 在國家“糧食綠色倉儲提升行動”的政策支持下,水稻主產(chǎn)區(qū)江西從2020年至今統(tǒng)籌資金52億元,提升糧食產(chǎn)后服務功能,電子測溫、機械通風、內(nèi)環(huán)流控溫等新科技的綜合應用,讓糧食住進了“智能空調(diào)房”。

------------------------------

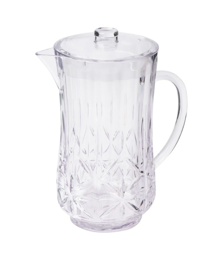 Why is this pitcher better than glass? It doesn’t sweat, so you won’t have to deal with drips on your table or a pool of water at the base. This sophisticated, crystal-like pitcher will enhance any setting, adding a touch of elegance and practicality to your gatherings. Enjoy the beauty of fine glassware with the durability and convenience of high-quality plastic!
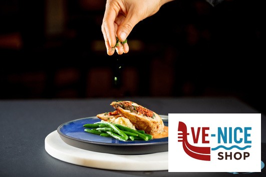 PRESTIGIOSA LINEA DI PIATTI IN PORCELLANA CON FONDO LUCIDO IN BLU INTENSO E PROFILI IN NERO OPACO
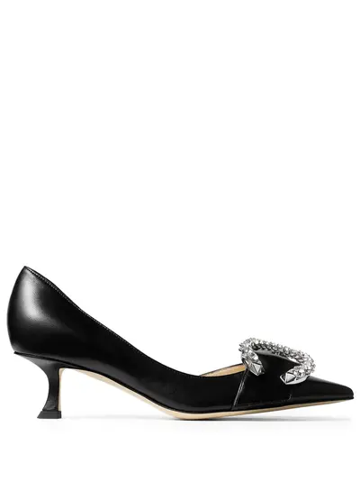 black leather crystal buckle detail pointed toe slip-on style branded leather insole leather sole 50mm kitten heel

------------------------------

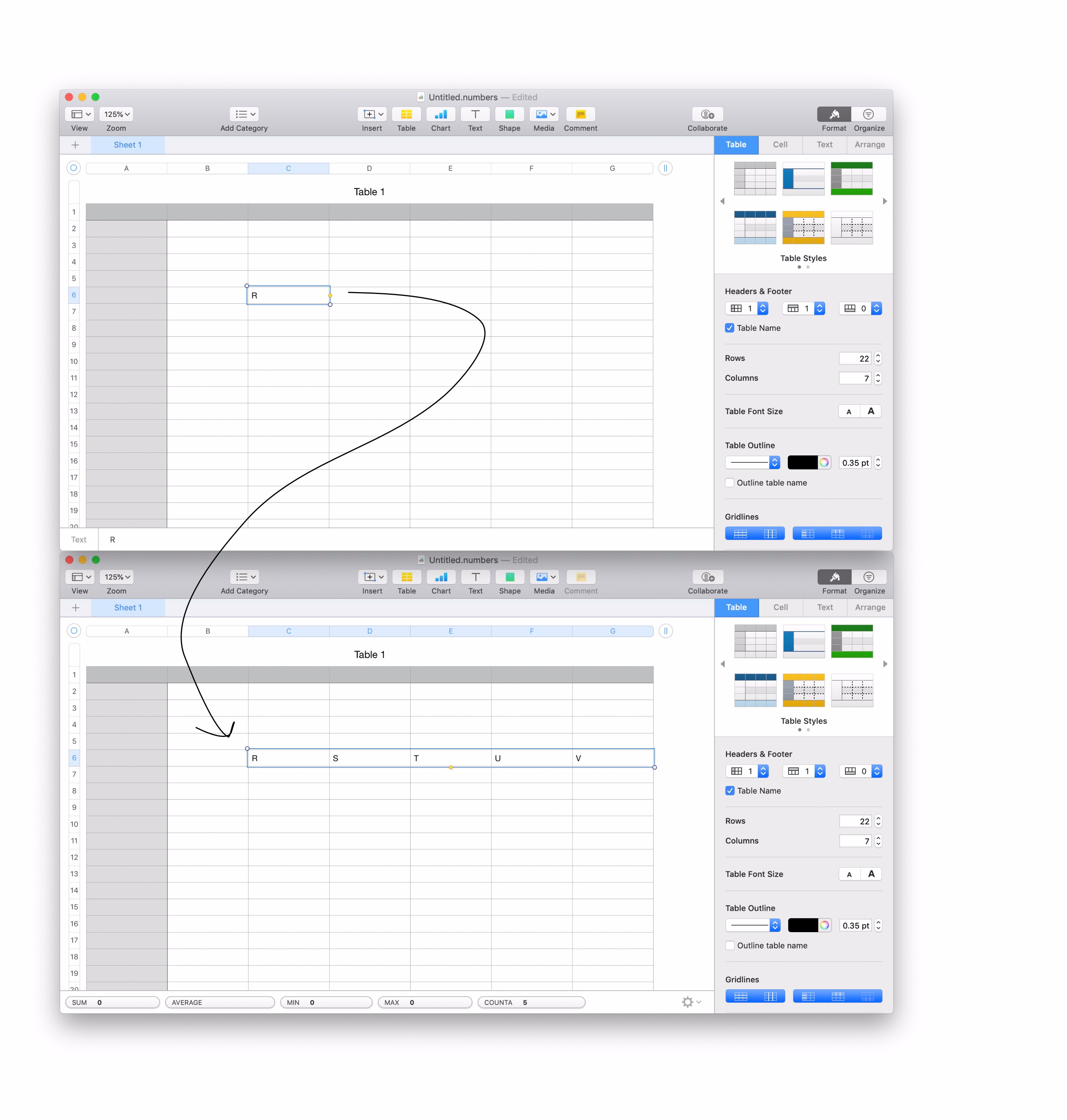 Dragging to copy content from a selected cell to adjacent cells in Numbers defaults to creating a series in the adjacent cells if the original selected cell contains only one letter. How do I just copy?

------------------------------

• [EXERCISE AIM]: Leaving out all pictures, set down exactly the lines of the material above, from the line with "PRESTIGIOSA LINEA DI" to the line with "black leather crystal" inclusive, and no others.

• [EXERCISE ANSWER]:
 PRESTIGIOSA LINEA DI PIATTI IN PORCELLANA CON FONDO LUCIDO IN BLU INTENSO E PROFILI IN NERO OPACO
 black leather crystal buckle detail pointed toe slip-on style branded leather insole leather sole 50mm kitten heel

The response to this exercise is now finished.